** THE PROBLEM **
Please write out the lines of the data exactly, beginning with the first and ending with the line containing "這篇提醒文吸引超過1.7萬人"; leave the pictures behind.

DATA FOR THIS EXERCISE START

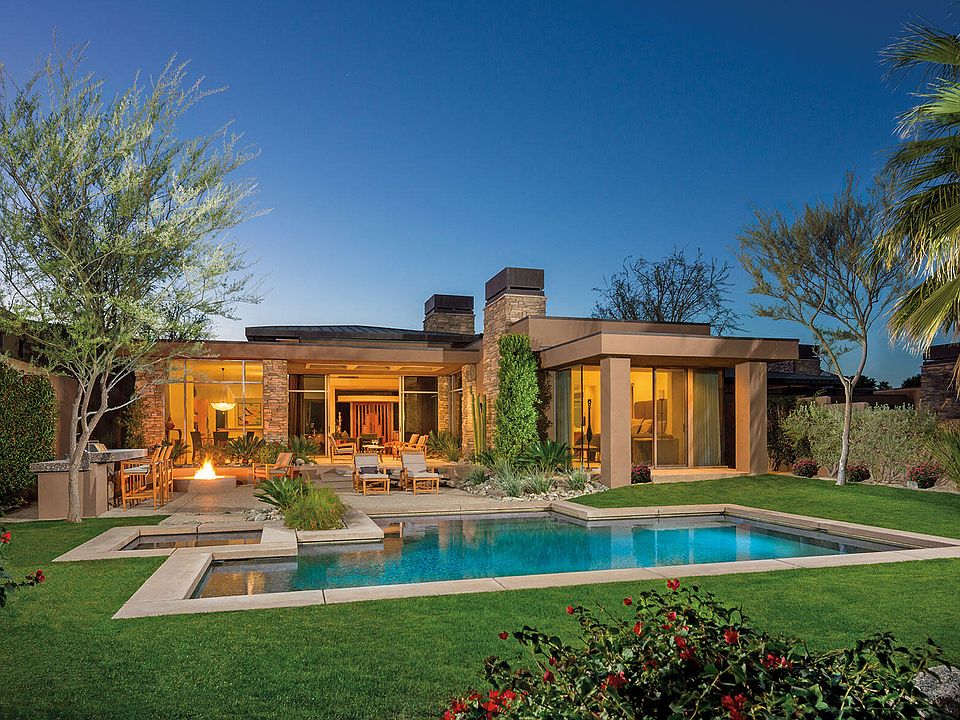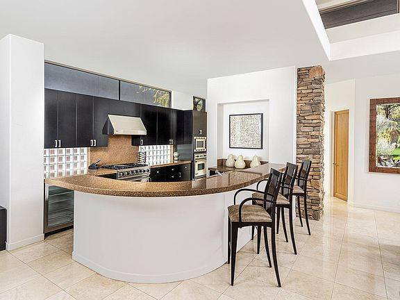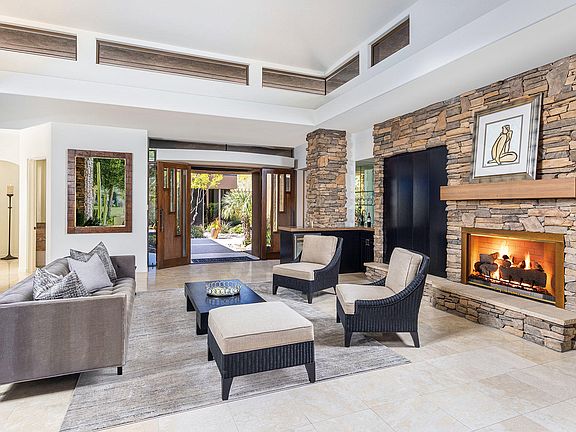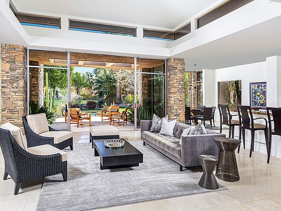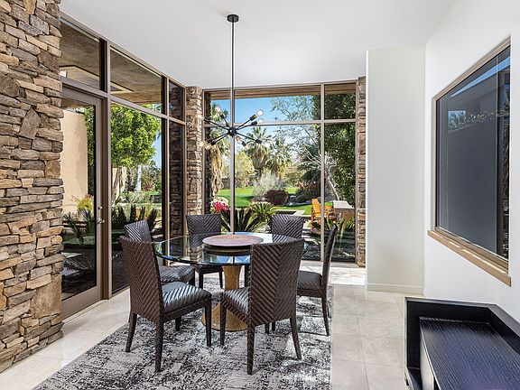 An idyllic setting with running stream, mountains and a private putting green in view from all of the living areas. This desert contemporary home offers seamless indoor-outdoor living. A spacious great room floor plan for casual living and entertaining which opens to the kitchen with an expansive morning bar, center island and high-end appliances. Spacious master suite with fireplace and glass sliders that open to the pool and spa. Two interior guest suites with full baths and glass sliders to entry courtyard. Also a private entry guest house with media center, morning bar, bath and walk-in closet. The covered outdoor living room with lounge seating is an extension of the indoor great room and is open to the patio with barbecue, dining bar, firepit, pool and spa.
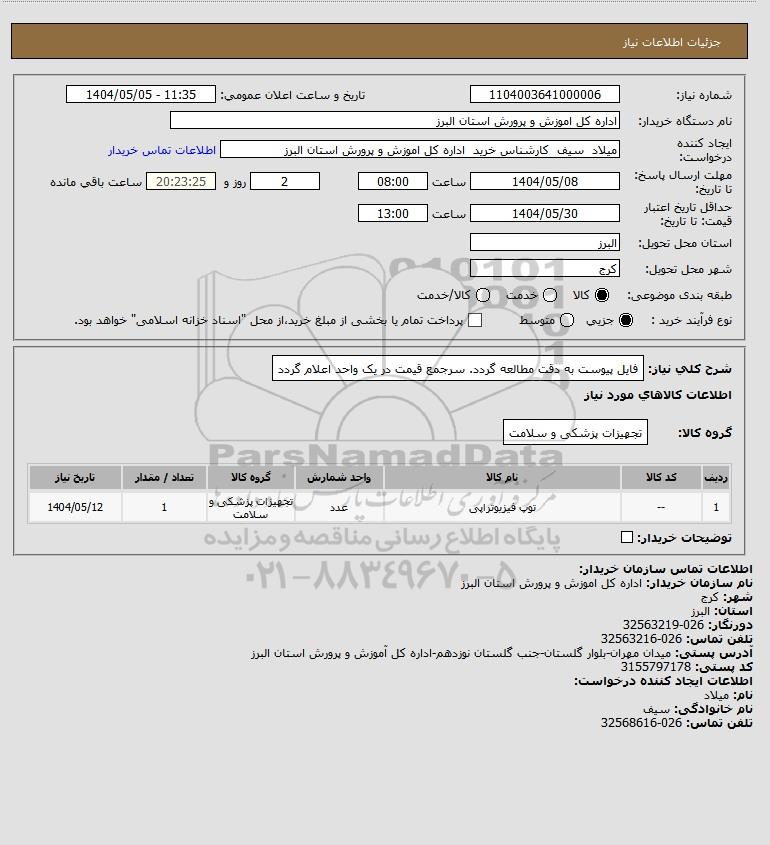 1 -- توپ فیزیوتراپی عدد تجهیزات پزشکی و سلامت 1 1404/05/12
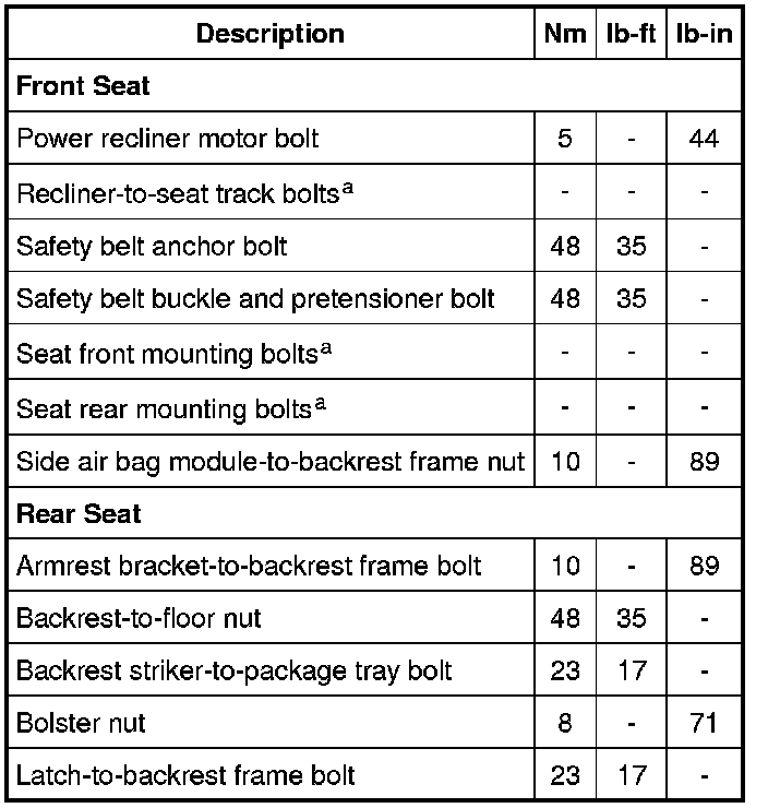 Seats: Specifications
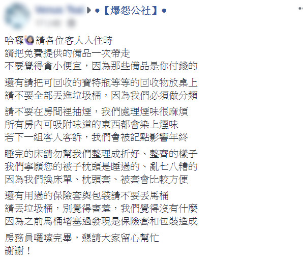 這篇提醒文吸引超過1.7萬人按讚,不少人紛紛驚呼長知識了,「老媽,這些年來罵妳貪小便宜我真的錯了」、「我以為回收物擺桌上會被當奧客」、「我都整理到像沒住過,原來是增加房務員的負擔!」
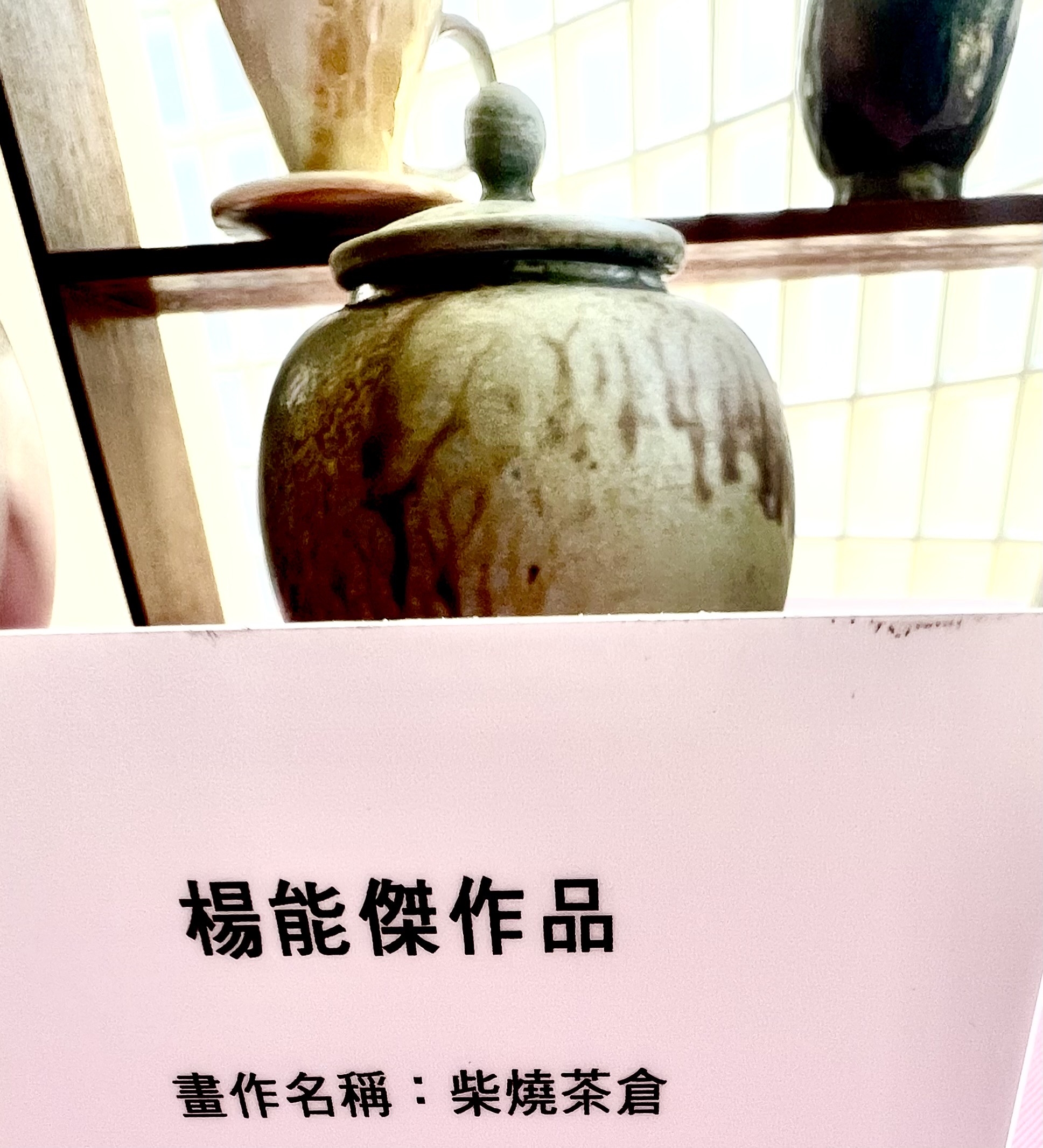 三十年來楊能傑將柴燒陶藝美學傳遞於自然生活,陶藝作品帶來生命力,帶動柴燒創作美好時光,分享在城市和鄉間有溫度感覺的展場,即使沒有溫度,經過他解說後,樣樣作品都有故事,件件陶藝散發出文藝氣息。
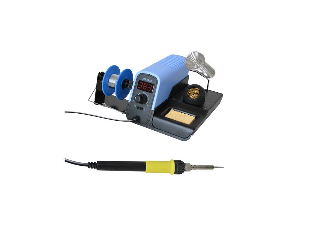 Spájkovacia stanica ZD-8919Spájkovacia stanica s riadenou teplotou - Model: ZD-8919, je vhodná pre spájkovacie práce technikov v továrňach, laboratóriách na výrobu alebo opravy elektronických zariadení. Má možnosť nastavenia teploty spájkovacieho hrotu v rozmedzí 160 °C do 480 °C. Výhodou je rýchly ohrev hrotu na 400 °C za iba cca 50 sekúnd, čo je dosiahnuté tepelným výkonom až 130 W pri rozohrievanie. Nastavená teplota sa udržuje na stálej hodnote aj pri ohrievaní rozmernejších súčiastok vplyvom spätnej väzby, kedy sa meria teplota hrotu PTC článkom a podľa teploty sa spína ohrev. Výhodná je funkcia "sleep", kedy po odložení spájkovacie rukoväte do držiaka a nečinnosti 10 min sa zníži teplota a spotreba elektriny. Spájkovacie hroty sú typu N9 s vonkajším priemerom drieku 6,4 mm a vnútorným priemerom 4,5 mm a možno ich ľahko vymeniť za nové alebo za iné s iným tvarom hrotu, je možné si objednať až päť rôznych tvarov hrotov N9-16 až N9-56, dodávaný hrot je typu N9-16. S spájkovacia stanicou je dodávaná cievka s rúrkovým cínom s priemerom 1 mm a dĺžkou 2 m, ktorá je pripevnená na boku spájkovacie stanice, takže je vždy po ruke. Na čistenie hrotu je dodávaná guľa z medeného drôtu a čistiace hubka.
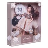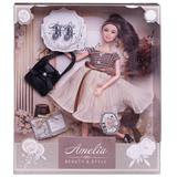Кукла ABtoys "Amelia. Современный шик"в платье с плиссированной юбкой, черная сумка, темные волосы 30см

DATA FOR THIS EXERCISE END

** ANSWER TO THE PROBLEM **
 An idyllic setting with running stream, mountains and a private putting green in view from all of the living areas. This desert contemporary home offers seamless indoor-outdoor living. A spacious great room floor plan for casual living and entertaining which opens to the kitchen with an expansive morning bar, center island and high-end appliances. Spacious master suite with fireplace and glass sliders that open to the pool and spa. Two interior guest suites with full baths and glass sliders to entry courtyard. Also a private entry guest house with media center, morning bar, bath and walk-in closet. The covered outdoor living room with lounge seating is an extension of the indoor great room and is open to the patio with barbecue, dining bar, firepit, pool and spa.
 1 -- توپ فیزیوتراپی عدد تجهیزات پزشکی و سلامت 1 1404/05/12
 Seats: Specifications
 這篇提醒文吸引超過1.7萬人按讚,不少人紛紛驚呼長知識了,「老媽,這些年來罵妳貪小便宜我真的錯了」、「我以為回收物擺桌上會被當奧客」、「我都整理到像沒住過,原來是增加房務員的負擔!」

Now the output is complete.